*TASK DIRECTIONS*.
Would you transcribe exactly the lines from the one containing "Dear Puja Bumper" to the last line of the data below, both ends included, but none of the pictures?

**** PROVIDED DATA ****

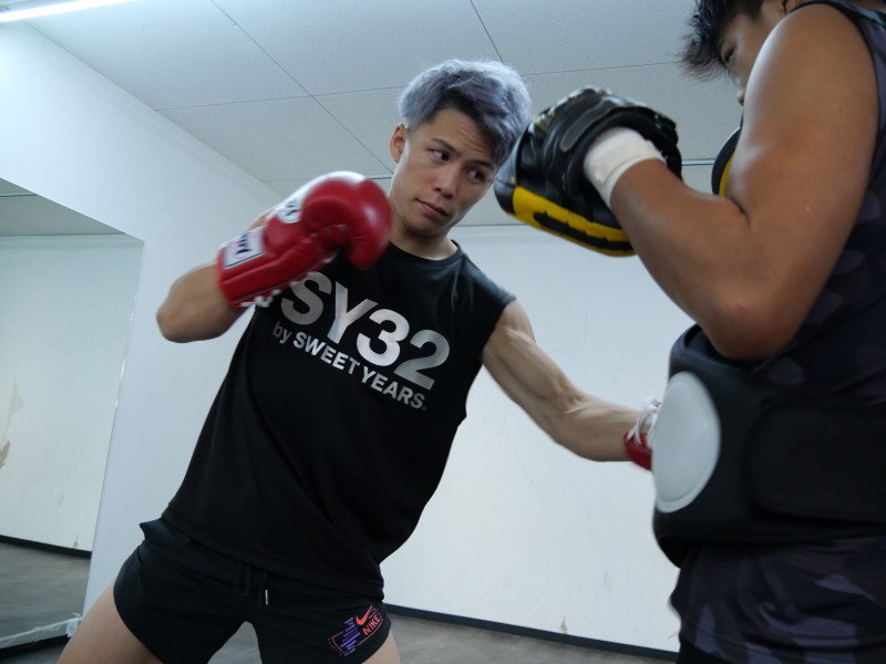 普段のサウスポーではなく、右構えでミット打ちを行った門口(C)RISE
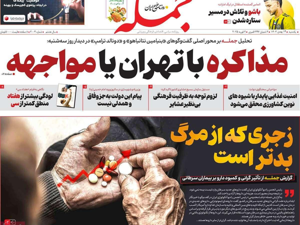 ورأت صحف أخرى أن المفاوضات والدخول في طريق الاتفاق الحقيقي مع إدارة ترامب هو النهج الأسلم أمام إيران في المرحلة المقبلة.
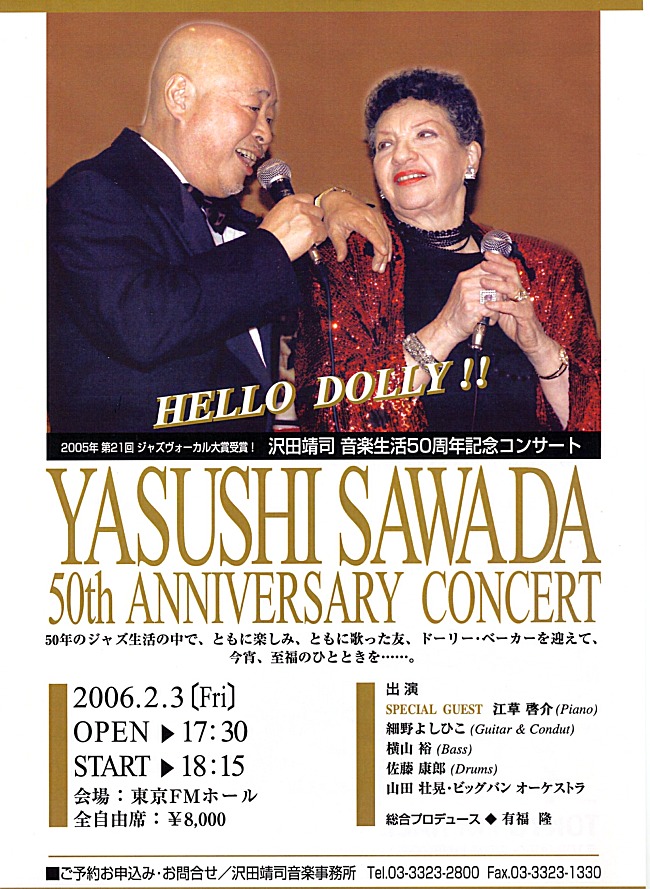 ドリー・ベーカーが4年ぶりに帰ってきました。 沢田靖司がちょうど「日本ジャズボーカル大賞」を受賞した記念と自らの音楽生活50周年を祝ってコンサートを計画していました。 そのコンサートにドリー・ベーカーを招待したのです。 もう、日本に帰るのは無理だと誰もが思っていたのですが元気に帰ってきました。 ドリーのファンには、もう生では聴けないと思っていた歌を聴く事ができるのです。皆、大喜びです。ドリーは聴く者に感動を与えてくれました。 東京FMホールは予定した人数をオーバーし客席の並べ方を変えたくらいです。 |
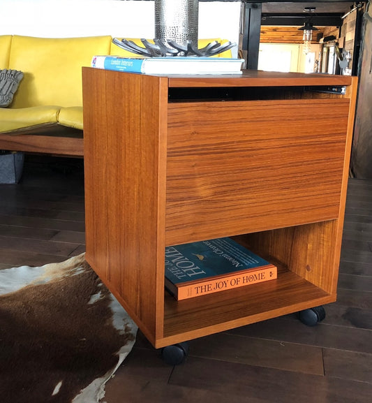 Restored Danish Modern Teak Rolling Filing or Bar cabinet small, perfect condition
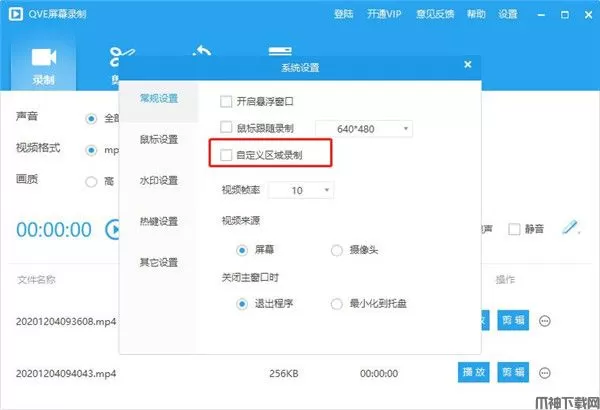 打开设置界面,点击常规设置,勾选自定义区域录制, 并且设置要录制的区域
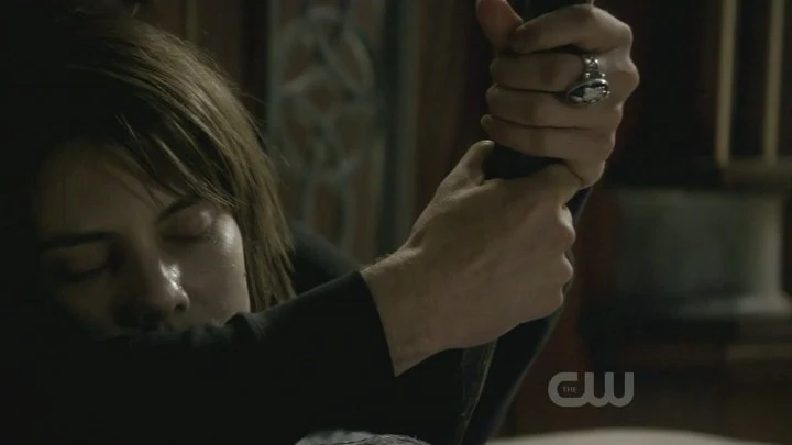 | Katherine killed Aimee Bradley by first partly breaking her spine paralyzing her below the waist and then completing the break. Caroline saved a compelled Matt from being killed in a fight with Tyler Lockwood. Sarah was killed accidentally by Tyler Lockwood after she, under Katherine's compulsion stabbed Tyler just above the heart. Tyler threw her off himself and Sarah struck her head on his father's desk. Jeremy Gilbert and Bonnie Bennett saved Elena by preventing Damon from staking Katherine as she had a spell cast on both herself and Elena by Lucy Bennett linking them together so that whatever harm Katherine suffers Elena would suffer as well. As a result Katherine was also saved by Jeremy's warning. Katherine is the villain for killing two people, putting Elena's life in danger and generally just using people.
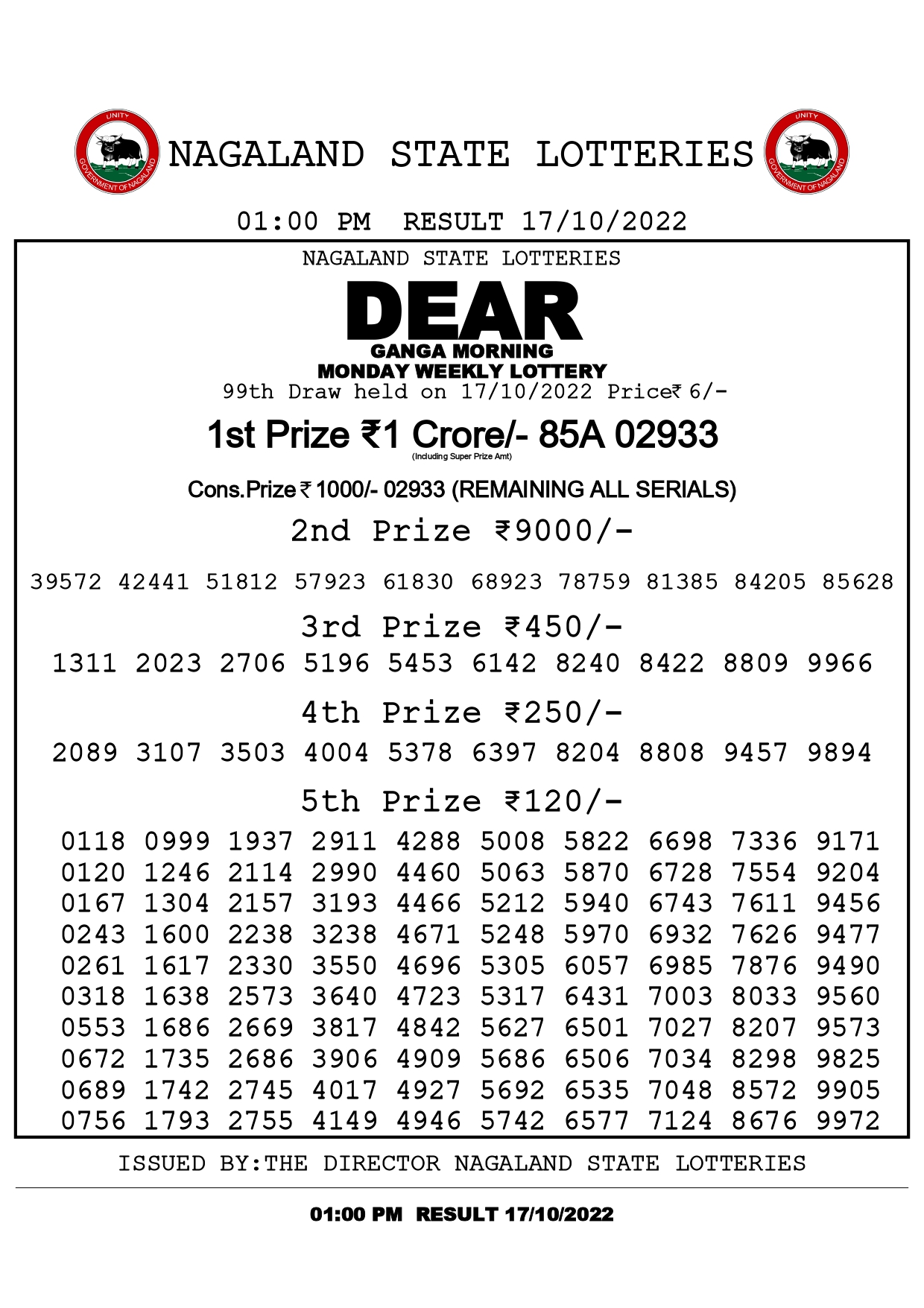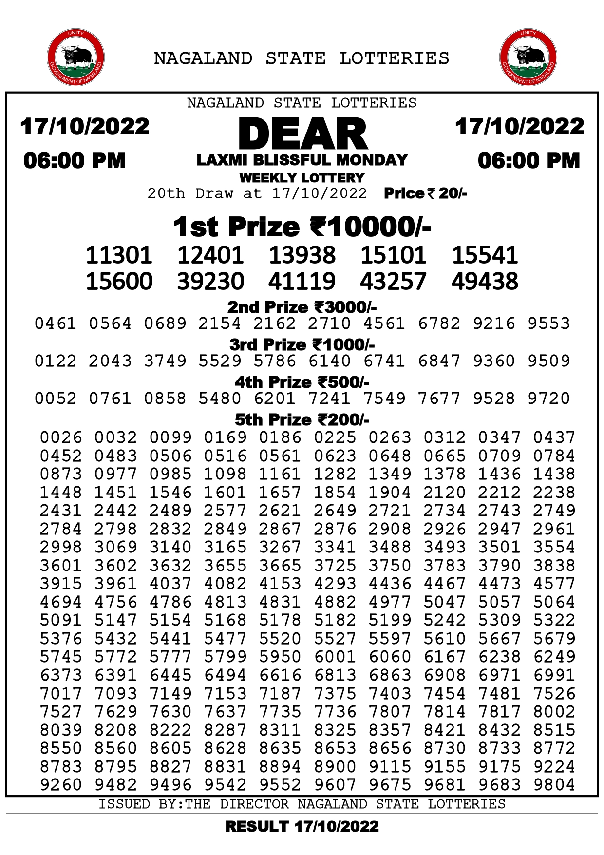 Dear Puja Bumper Lottery Result 11.10.2025 8PM
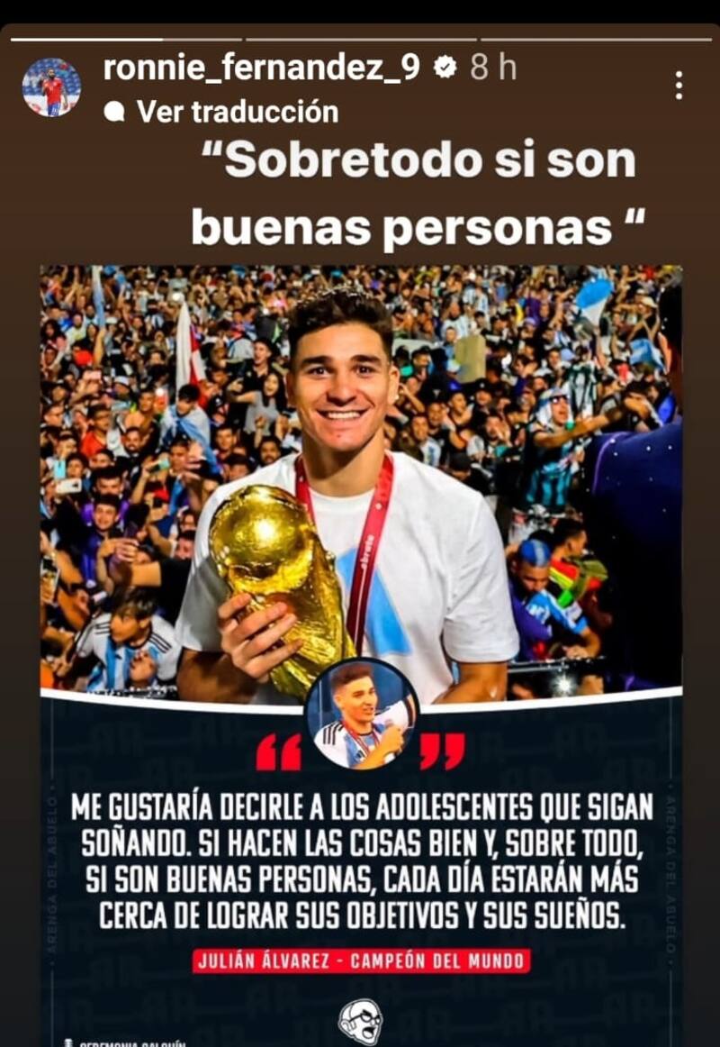Por eso no es casualidad que justo en el momento en que se conoce que fue marginado de los entrenamientos tácticos de la U, decisión que tomó el técnico Mauricio Pellegrino y que también involucra a otros compañeros, el delantero use su cuenta de Instagram (@ronnie_fernandez_9) para postear un nueva historia.
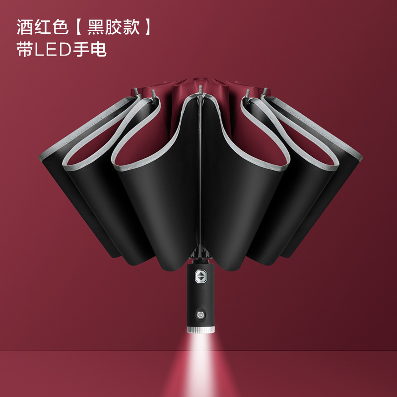 • LED 회전 우산 손잡이-10 뼈 버건디
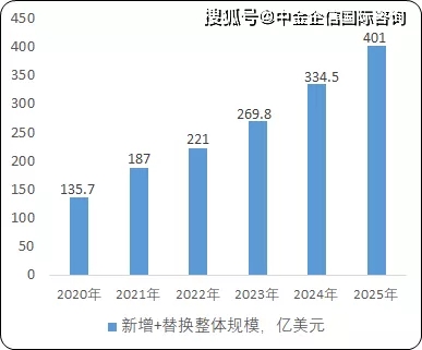 (2)全球光伏逆變器行業(yè)市場分析:2010年以來,全球光伏逆變器的出貨量基本處于高速增長狀態(tài)。據(jù)中金企信國際咨詢公布的《2021-2027年中國光伏逆變器市場競爭戰(zhàn)略研究及投資前景預測報告》統(tǒng)計數(shù)據(jù)顯示:2020年全球光伏逆變器的新增及替換整體市場規(guī)模將達到約136GW,且將在未來數(shù)年保持在平均20%以上的增長速度,至2025年全球光伏逆變器新增及替換整體市場將有望達到400GW的市場。
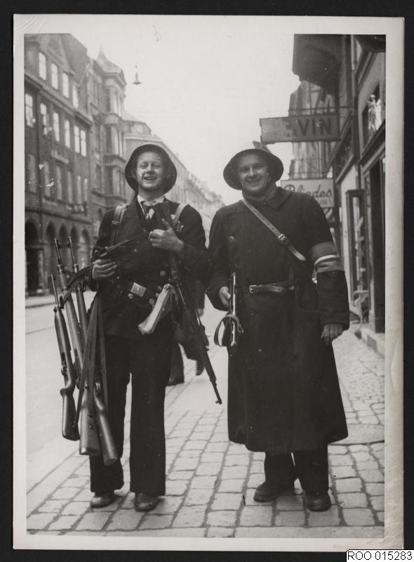 Köpenhamn den 5 maj. Danska frihetkämpar med vapen, tagna från hipomän.

****

*EXERCISE OUTPUT*.
 Dear Puja Bumper Lottery Result 11.10.2025 8PM
Por eso no es casualidad que justo en el momento en que se conoce que fue marginado de los entrenamientos tácticos de la U, decisión que tomó el técnico Mauricio Pellegrino y que también involucra a otros compañeros, el delantero use su cuenta de Instagram (@ronnie_fernandez_9) para postear un nueva historia.
 • LED 회전 우산 손잡이-10 뼈 버건디
 (2)全球光伏逆變器行業(yè)市場分析:2010年以來,全球光伏逆變器的出貨量基本處于高速增長狀態(tài)。據(jù)中金企信國際咨詢公布的《2021-2027年中國光伏逆變器市場競爭戰(zhàn)略研究及投資前景預測報告》統(tǒng)計數(shù)據(jù)顯示:2020年全球光伏逆變器的新增及替換整體市場規(guī)模將達到約136GW,且將在未來數(shù)年保持在平均20%以上的增長速度,至2025年全球光伏逆變器新增及替換整體市場將有望達到400GW的市場。
 Köpenhamn den 5 maj. Danska frihetkämpar med vapen, tagna från hipomän.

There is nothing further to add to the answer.